The program ranges from smart service findability and provision that would help a person in a specific situation or service need, to the DigiMe, with its dimensions of individual wellbeing and empowerment, and finally to a new kind of AI-driven society where all service production is a reflection of data-analyzed states of wellbeing and service needs of the population and individuals.

From an individual and societal point of view, human-centricity in AuroraAI means that AuroraAI enables services to be more accessible, effective and better-targeted at people's real needs. It aims to put an end to the way people are passed between agencies in order to enable people to manage their lives more easily.

From a technical point of view, human-centricity in AuroraAI means taking account the person as a whole upon the provision of the services. This is opposite to a business-centric view, where a person is seen as a customer, and where, for example, the tax administration, a national church, employment service, or a golf club each has a different view of the user, only providing services in their own context and from their own organizational silos. This specialization works in terms of efficiency, but for the end-user it offers only a suboptimal solution to any complex life situation: there is rarely any single service or entity that can help the user with a wide range of different problems. In AuroraAI, it is assumed that providing a technical solution to connect current, siloed services together, combining the viewpoints of several organizations and providing in situ service combinations from several cross-sectoral organizations, truly results in more holistic help.

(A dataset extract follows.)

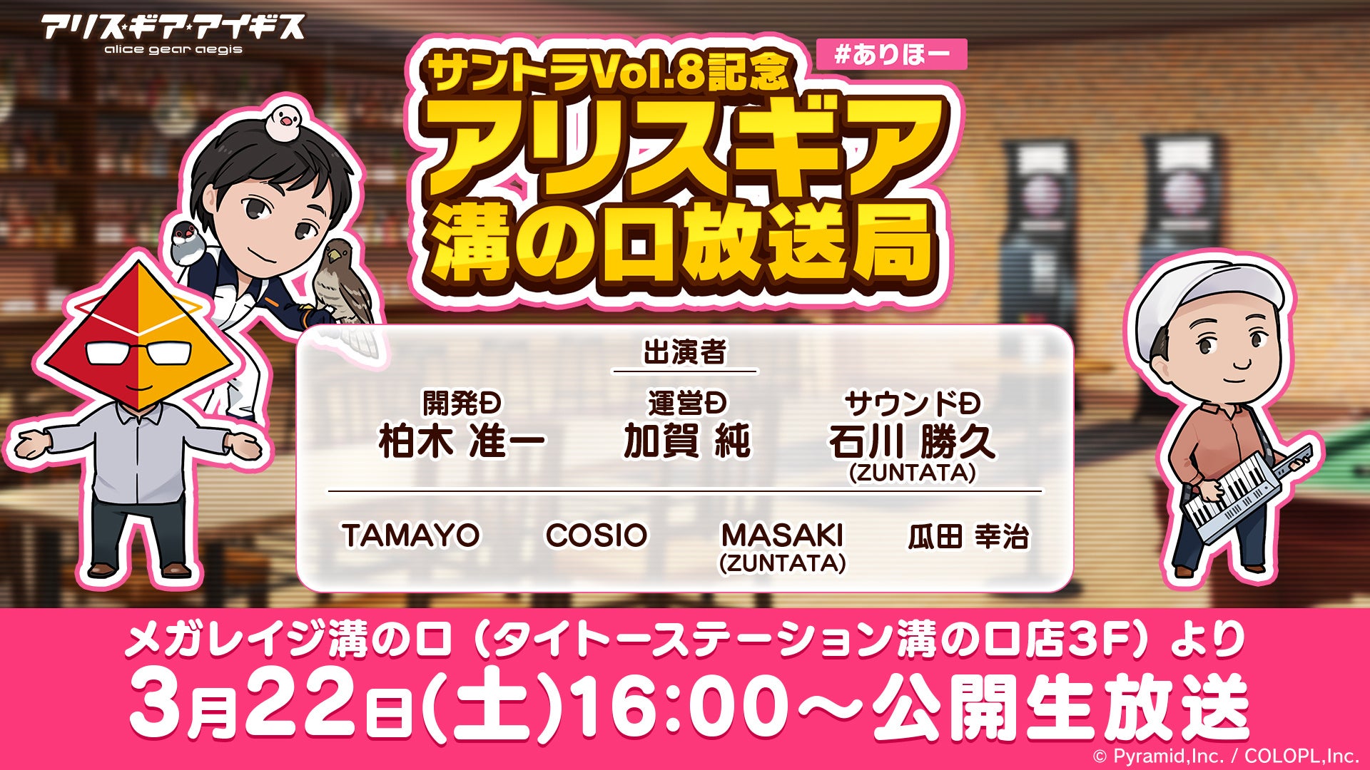 2025年3月22日(土)にはアリスギア公式YouTube番組の特別編「アリスギア溝の口放送局」をメガレイジ溝の口(タイトーステーション溝の口店3F)より公開生放送にて配信、アリスギア開発スタッフによるトークやサントラに参加したアーティストのDJライブなどをお送りいたします。

The use of networked micro services makes it possible to better adapt to individual user needs, and AuroraAI network learns the best possible combinations from historical data. Since loosely coupled services can be developed independently and can be re-usable in a multitude of situations, this leads to advantages that have traditionally only been seen in SOA software architectures—not to mention cost savings. It is worth mentioning that the AuroraAI service referred to here are a much broader concept than in the software context: a local swimming pool can exist as an AuroraAI service, connected to the AuroraAI network in the same way as data sources or software. At first, this seems very counter-intuitive. However, a common API between all AuroraAI-enabled services makes this possible and leads to true digitalization: a combination of digital and non-digital services interacting with each other.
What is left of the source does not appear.